Initializing image normalization.
|========================================================================================|
|  Epoch  |  Iteration  |  Time Elapsed  |  Mini-batch  |  Mini-batch  |  Base Learning  |
|         |             |   (hh:mm:ss)   |   Accuracy   |     Loss     |      Rate       |
|========================================================================================|
|       1 |           1 |       00:00:00 |       56.29% |       0.6931 |          0.0010 |
|      17 |          50 |       00:00:04 |       95.07% |       0.5546 |          0.0010 |
|      34 |         100 |       00:00:09 |       95.38% |       0.4408 |          0.0010 |
|      50 |         150 |       00:00:13 |       94.53% |       0.3785 |          0.0010 |
|      67 |         200 |       00:00:18 |       95.07% |       0.3278 |          0.0010 |
|      84 |         250 |       00:00:22 |       95.38% |       0.2923 |          0.0010 |
|     100 |         300 |       00:00:27 |       94.53% |       0.2820 |          0.0010 |
|========================================================================================|

Read and display a test image.

testImage = imread('triangleTest.jpg');
imshow(testImage)

Segment the test image and display the results.
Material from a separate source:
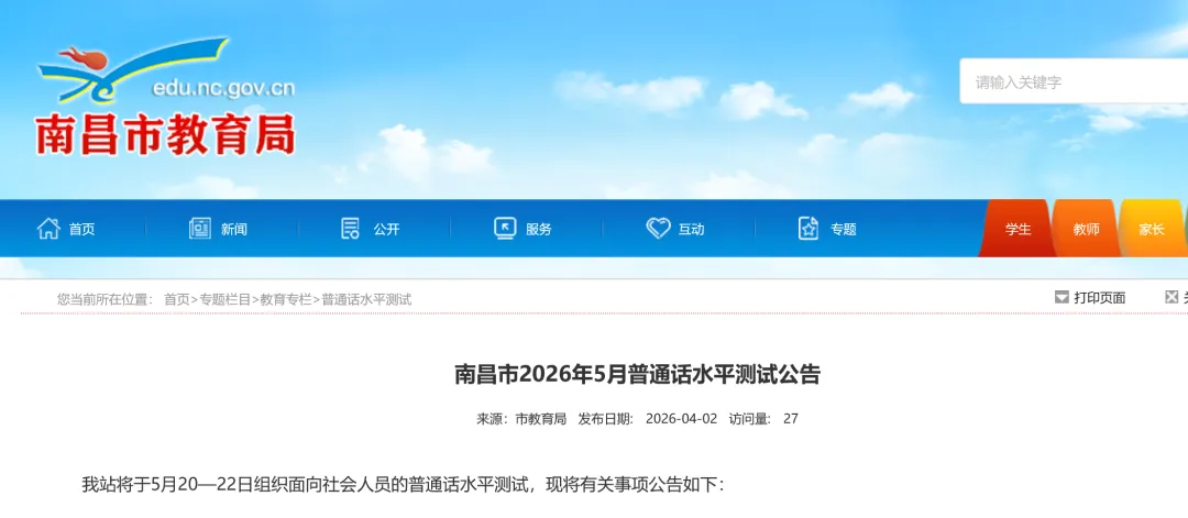 2.测试地点:南昌市普通话培训测试站(东湖区南京西路166号南昌市育新学校南京西路校区综合楼三楼)

C = semanticseg(testImage,net);
B = labeloverlay(testImage,C);
imshow(B)

Improve the results

The network failed to segment the triangles and classified every pixel as "background". The training appeared to be going well with training accuracies greater than 90%. However, the network only learned to classify the background class. To understand why this happened, you can count the occurrence of each pixel label across the dataset.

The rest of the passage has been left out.